» **What to work on**
Find every line in the records below that contains the word "الياقوت", and copy each such line.

» **Data**

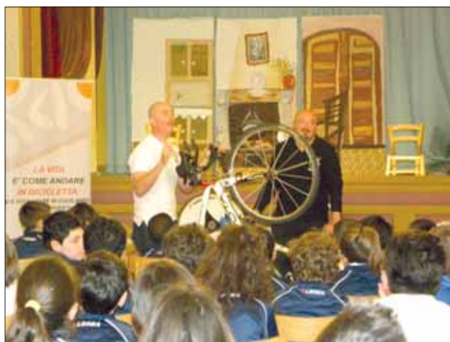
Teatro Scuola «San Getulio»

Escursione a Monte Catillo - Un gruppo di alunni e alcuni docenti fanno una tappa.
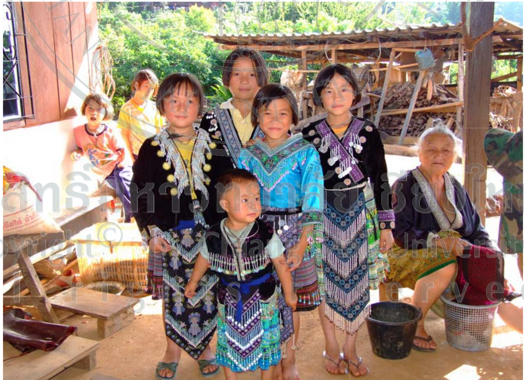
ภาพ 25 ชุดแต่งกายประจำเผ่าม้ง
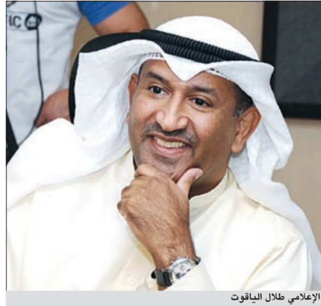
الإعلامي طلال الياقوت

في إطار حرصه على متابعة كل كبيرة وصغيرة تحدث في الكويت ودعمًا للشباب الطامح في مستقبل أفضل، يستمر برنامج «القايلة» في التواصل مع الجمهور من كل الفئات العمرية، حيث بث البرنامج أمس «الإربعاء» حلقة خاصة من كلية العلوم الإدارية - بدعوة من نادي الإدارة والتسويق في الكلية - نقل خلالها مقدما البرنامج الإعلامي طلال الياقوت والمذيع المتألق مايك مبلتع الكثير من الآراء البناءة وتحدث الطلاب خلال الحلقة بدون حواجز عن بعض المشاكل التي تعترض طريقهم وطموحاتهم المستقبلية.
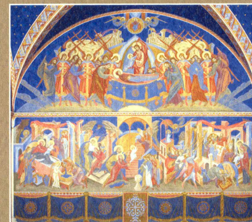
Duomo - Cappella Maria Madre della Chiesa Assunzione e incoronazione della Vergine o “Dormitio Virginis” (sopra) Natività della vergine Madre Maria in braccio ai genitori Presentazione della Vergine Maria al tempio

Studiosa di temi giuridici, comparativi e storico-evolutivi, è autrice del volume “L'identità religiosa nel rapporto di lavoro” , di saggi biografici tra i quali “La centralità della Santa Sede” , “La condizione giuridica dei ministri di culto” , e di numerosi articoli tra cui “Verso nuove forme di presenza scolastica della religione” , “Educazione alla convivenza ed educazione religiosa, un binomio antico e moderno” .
* * *
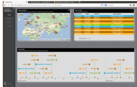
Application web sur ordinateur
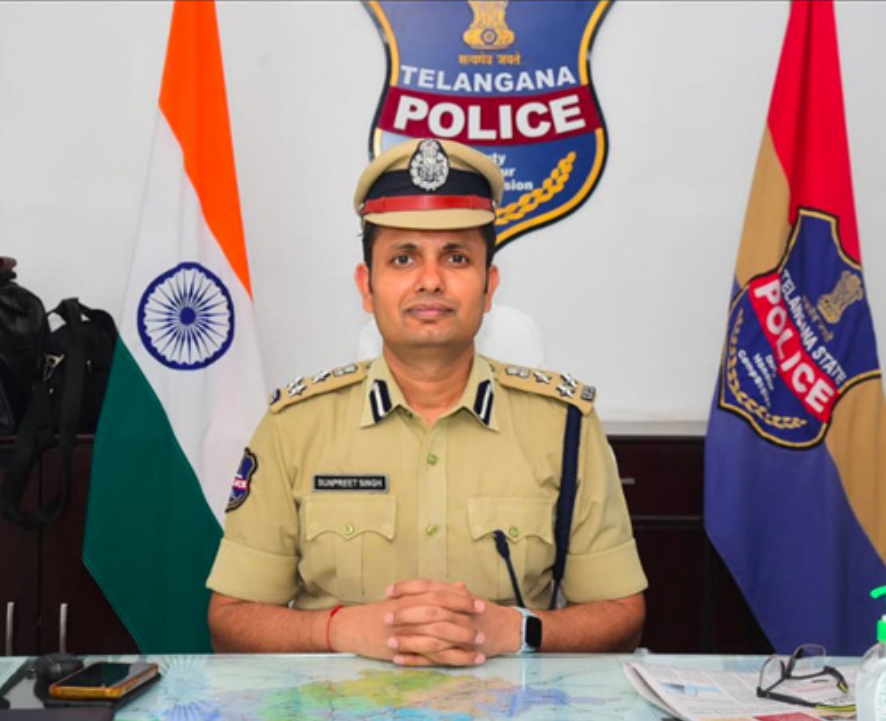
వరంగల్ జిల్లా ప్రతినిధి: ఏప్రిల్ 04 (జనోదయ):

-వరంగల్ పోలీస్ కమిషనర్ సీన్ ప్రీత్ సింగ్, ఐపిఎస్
--
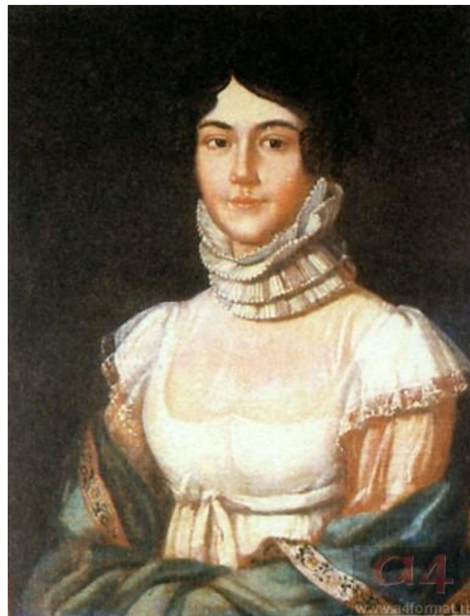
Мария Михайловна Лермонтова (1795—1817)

» **Result of this task**
الإعلامي طلال الياقوت
في إطار حرصه على متابعة كل كبيرة وصغيرة تحدث في الكويت ودعمًا للشباب الطامح في مستقبل أفضل، يستمر برنامج «القايلة» في التواصل مع الجمهور من كل الفئات العمرية، حيث بث البرنامج أمس «الإربعاء» حلقة خاصة من كلية العلوم الإدارية - بدعوة من نادي الإدارة والتسويق في الكلية - نقل خلالها مقدما البرنامج الإعلامي طلال الياقوت والمذيع المتألق مايك مبلتع الكثير من الآراء البناءة وتحدث الطلاب خلال الحلقة بدون حواجز عن بعض المشاكل التي تعترض طريقهم وطموحاتهم المستقبلية.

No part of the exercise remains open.